Long distance running, a discipline dominated for so many years by African athletes, has not had the highest of profiles in Britain. But all that changed at London 2012 when Mo Farah became the first Briton to win both the 5,000m and 10,000m.
Farah cemented his place as an all-time track great and endeared himself to sports fans across the globe – particularly in his adopted home country and city, where he arrived as a refugee from Somalia at the age of eight.
Landing in London knowing only a handful of English words, Farah has joked about losing cross-country races as a schoolboy because he was unable to read direction signs – but the language barrier was never going to hold back such a gifted, determined star.
After switching his focus from football – an early ambition was to play for Arsenal –he won the junior 5,000m at the European Championships in 2001. But it was only when he moved in with a group of Kenyan runners in 2005 that his rise to greatness began.

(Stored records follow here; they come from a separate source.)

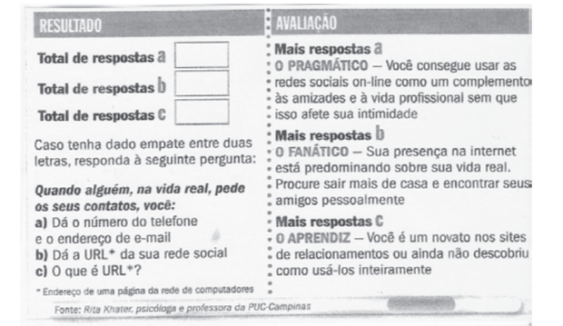 Depreende-se, a partir desse conjunto de informações, que o teste que deu origem a esses resultados, além de estabelecer um perfil para o usuário de sites de relacionamento, apresenta preocupação com hábitos e propõe mudanças de comportamento direcionadas
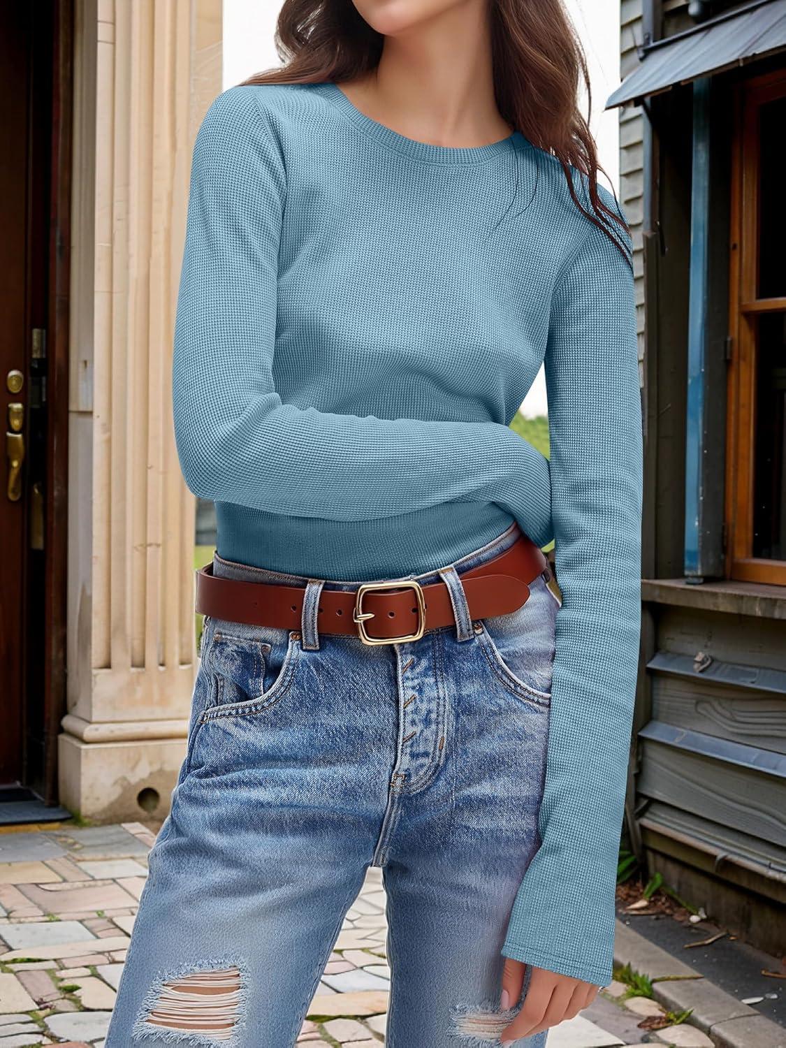ANRABESS Women’s Long Sleeve Waffle Knit Shirts Casual Slim Fitted Crew Neck Thermal Tops Basic Tee 2025 Fall Trendy Outfits(Dusty Blue)
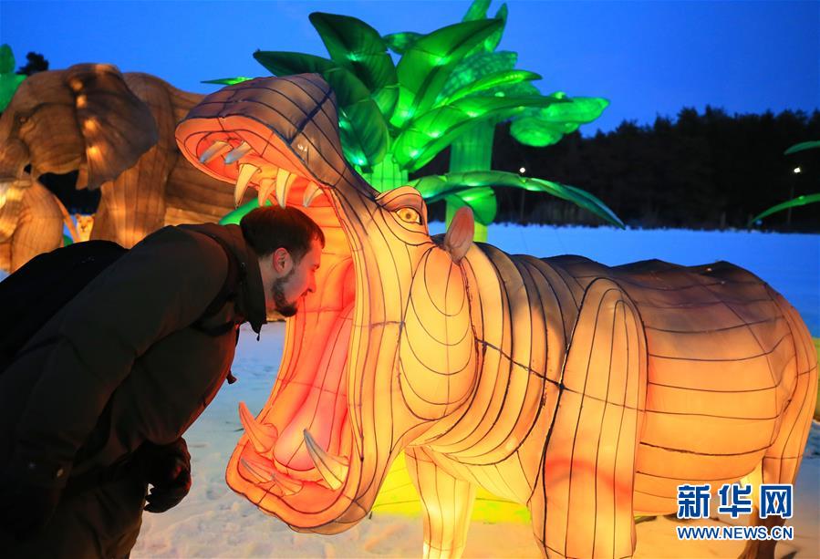 2月14日,在白俄羅斯首都明斯克,一名男子觀看河馬造型的燈飾。當(dāng)日,自貢燈會在明斯克的中央植物園開幕。本次燈會共展出28組不同造型的燈飾,將持續(xù)至3月底。新華社發(fā)(馬祖列維奇攝)
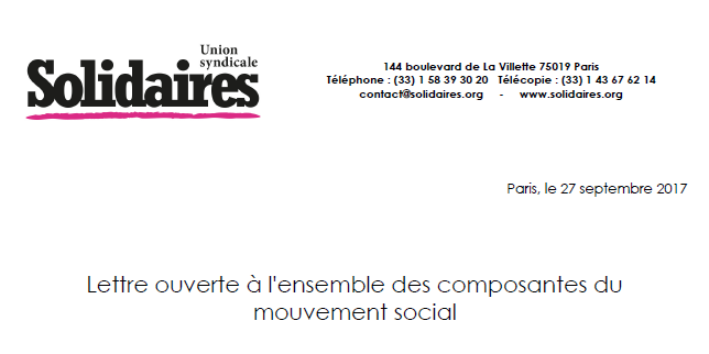 Aussi, l’Union syndicale Solidaires vous propose de nous rencontrer et de débattre de nos analyses de la situation et des nécessaires formes de mobilisation, de leur coordination pour les jours et semaines à venir, le 4 octobre à 18 h à la bourse du travail.
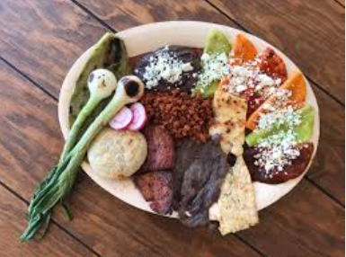 Cecina, pieza de pollo, chorizo con huevo, queso fresco, enchiladas 10 pz y frijoles.
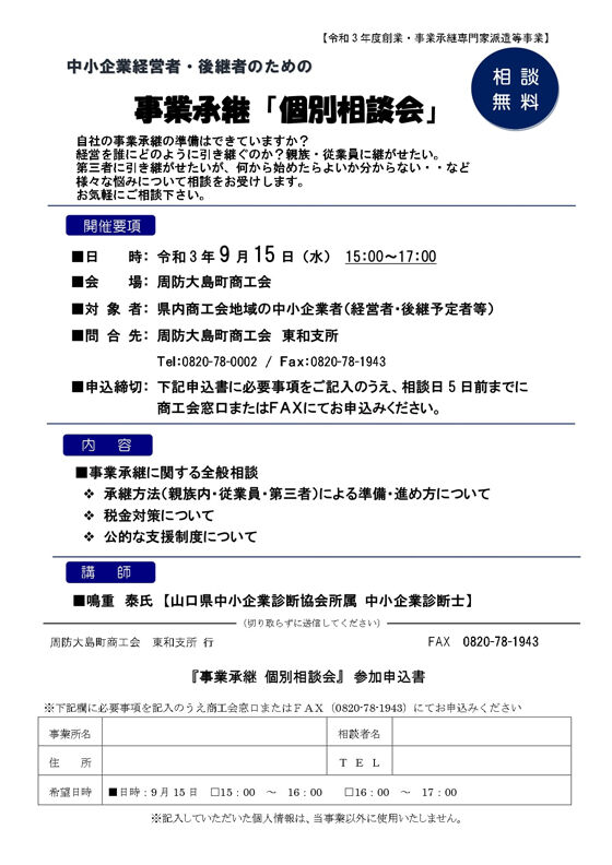 周防大島町商工会より事業承継「個別相談会」のお知らせです。
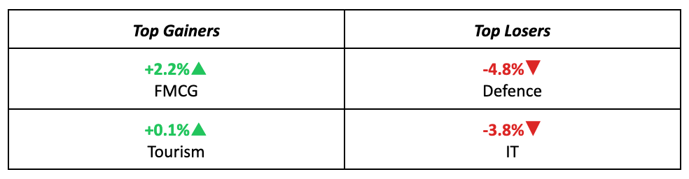 - Kotak Mahindra Bank also performed well, surging 4.2% after publishing a strong Q1 business update that highlighted steady growth. Read more here.
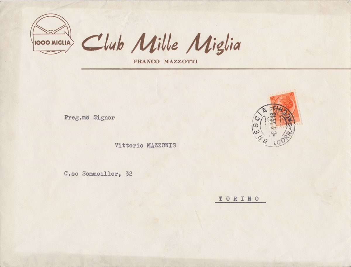 - Busta affrancata su carta intestata Club Mille Miglia del 08/04/1959 (24 cm x 19 cm);
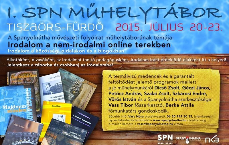 Irodalom a nem-irodalmi online terekben — Irodalom a közösségi oldalakon, a blogokban címmel rendezi műhelytáborát a Spanyolnátha művészeti folyóirat július 20. és 23. között Tiszaörs-fürdőn. A táborlakók a folyóirathoz kötődő szerzők workshop-jellegű, kiselőadásokkal egybekötött foglalkozásainak lehetnek aktív közreműködői.
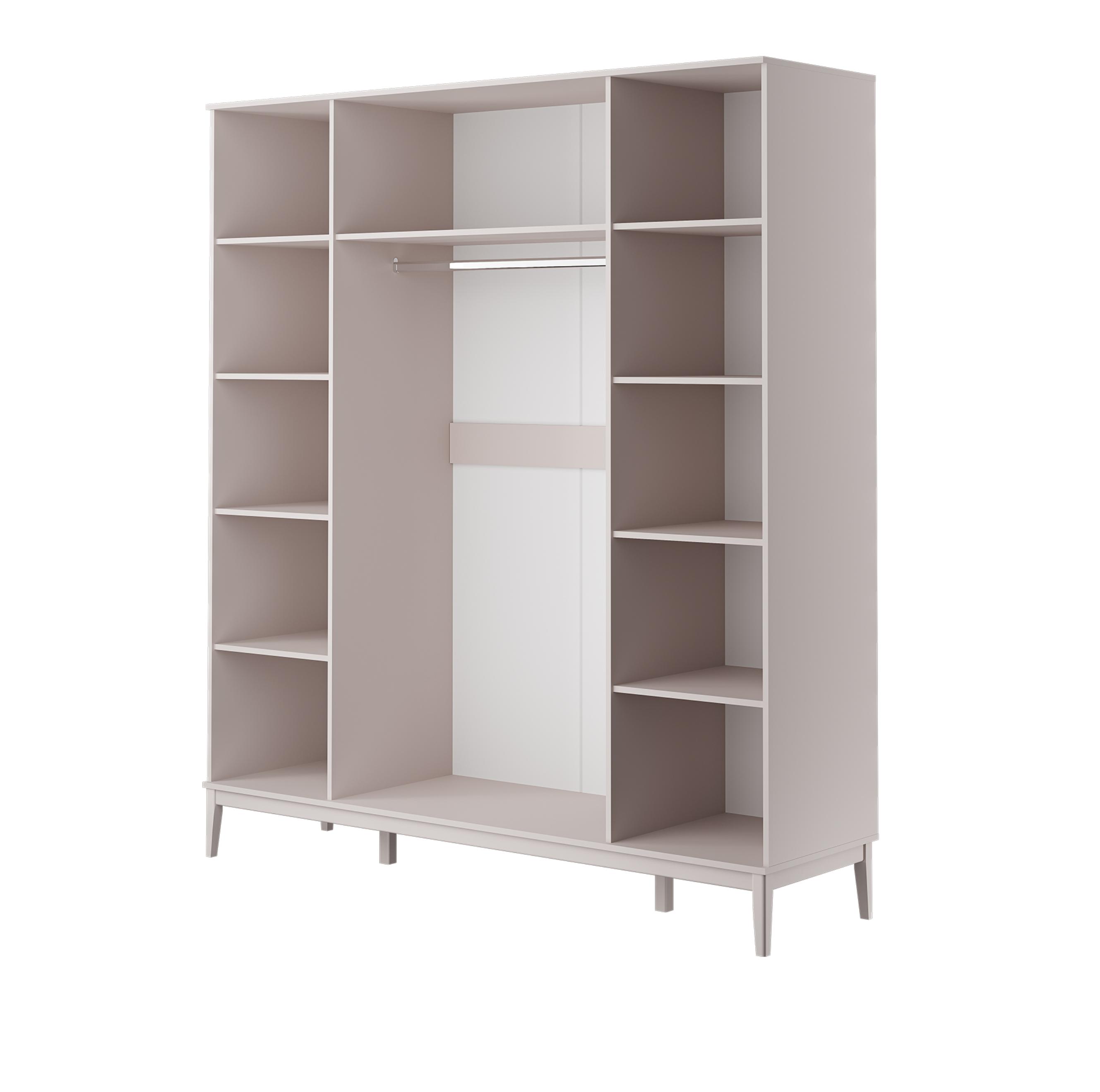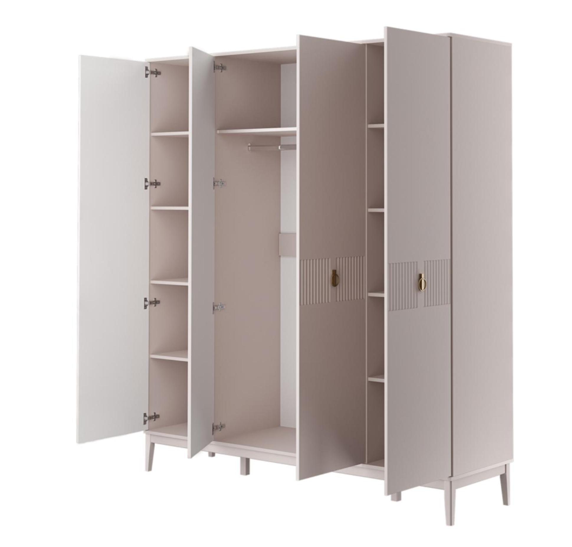 В середине шкафа расположена штанга для одежды, а по боковым секциям - полки для белья, что обеспечивает удобное хранение вещей.
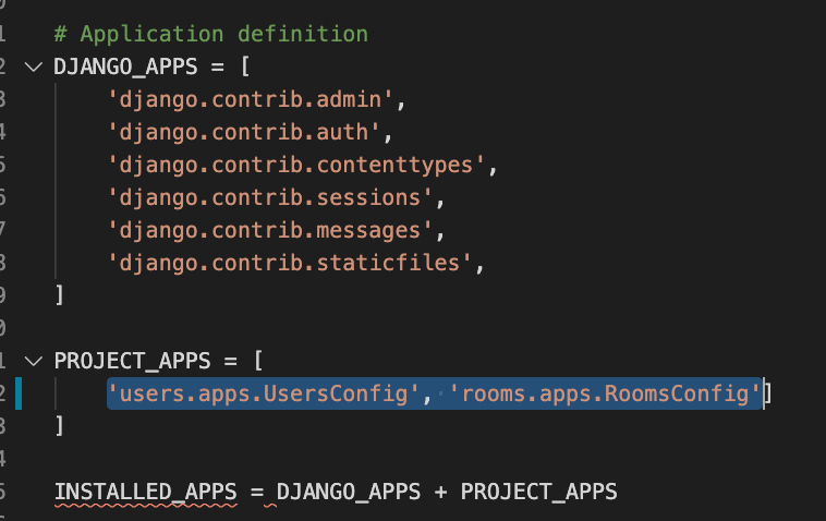 ex. users ํด๋์ apps.py์ UsersConfig ํด๋์ค, rooms ํด๋์ apps.py์ UsersConfig ํด๋์ค

He set a British 3000m indoor record in 2009 and broke it weeks later at the Grand Prix in Birmingham, going on to take gold in the event at that year’s European Indoor Championships. And he captured the attention of the wider world in 2010 when he took gold in the 10,000m at the World Championships.
Farah relocated his family in 2011 to Oregon in the USA to train with long-distance guru Alberto Salazar, who broke down his running style – and at that year’s World Championships in Daegu, South Korea, Farah won gold in the 5,000m and silver in the 10,000m.
Though Salazar has helped Farah to a new level of excellence, Africa was also to play a key role in his coming success.
After a disappointing Beijing Games in 2008, where he failed to make the 5,000m final, Farah took stock of his career and began travelling to the continent to train each year.
He began 2012 at a training camp in Iten in the highlands of Kenya’s Great Rift Valley, a village known as the Home of Champions as it has produced so many top distance runners.
There, he followed a gruelling regime that saw each day begin with a bowl of Ugali – porridge – and involved huge running sessions on the area’s dusty roads, 8,000ft above sea level.
The hard work was to pay off in spectacular style as Farah took gold in the 5,000m with a thrilling, strategically perfect run, capping a spectacular Saturday for Team GB at the Olympic Stadium and introducing the watching world to his signature pose, the ‘Mobot.’
Seven days later, roared on by a capacity 80,000 crowd, he achieved the unthinkable and took the 10,000m title, becoming one of the few men in Olympic history to do the distance double, with a time of 13:41.66.
After the race, Farah said: ‘Its an unbelievable feeling – the best feeling ever. It’s been a long journey grafting and grafting, but anything is possible.’
Farah has set his sights on moving into marathon running – and given his dedication it seems certain he’ll give Africa’s elite runners a run for their money in that event too.